An unorganised warehouse can lead to costly supply chain problems. Maybe you’re holding too much safety stock or your staff can’t find items in a timely fashion. Instead of relying on clunky spreadsheets to analyse your stock, leverage warehouse management software to get real-time insights and custom reports so you can identify weak spots before they hurt your bottom line.

3. Take advantage of inventory management software

As your business becomes more complex, so does managing inventory, especially if you do international shipping. According to the 2016 National Retail Security Survey, 16.5% of inventory “shrinkage” - i.e. lost inventory - stemmed from administrative and paperwork errors. This would result in costly audits and lost time.

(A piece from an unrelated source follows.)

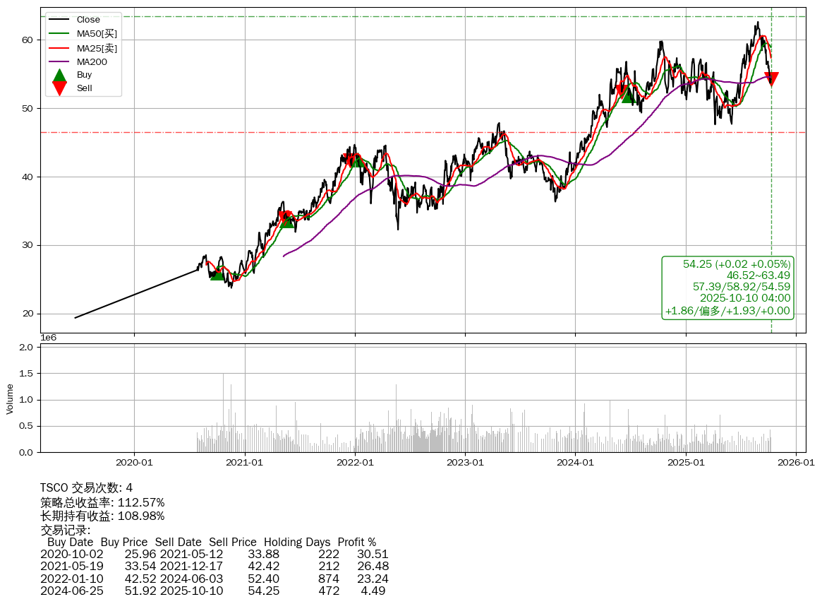 | 42 | TSCO | +112.57% | +108.98% | +3.59% | 4 | +1.86/偏多/+1.93/+0.00 | 2019-06-20~2025-10-10 |

QuickBooks automatically handles inventory management tasks and tracks every item in real time to mitigate the risk of backorders or carrying excess stock. It also helps you plan purchases from wholesalers and manufacturers, take advantage of early order discounts and forecast trends.

Benefits of tracking landed costs with QuickBooks 

Tracking landed costs is essential to maximise profits and save precious time. QuickBooks makes it easy to identify the true cost of your shipments so you can spend less time crunching numbers and more time growing your business.

With the QuickBooks landed costs functionality, you can automatically factor in freight costs, customs duties, insurance and other expenses to get a holistic understanding of what it costs to get your customers what they order. You can even calculate landed costs for old bill items from closed accounting periods to keep your records as accurate as possible.

Best of all, your landed costs tracking will sync with your accounting, pricing, reporting, inventory management and other features within QuickBooks so you can keep your whole business organised in one dashboard.

Final thoughts

Whether you’re shipping across states or across the globe, knowing the true cost of the products you ship is essential to make informed business decisions. Shipping costs are important, but that’s only one part of a much larger equation that impacts your team, your customers, and your bottom line. By keeping close tabs on landed costs, you’ll be able to budget more accurately than ever.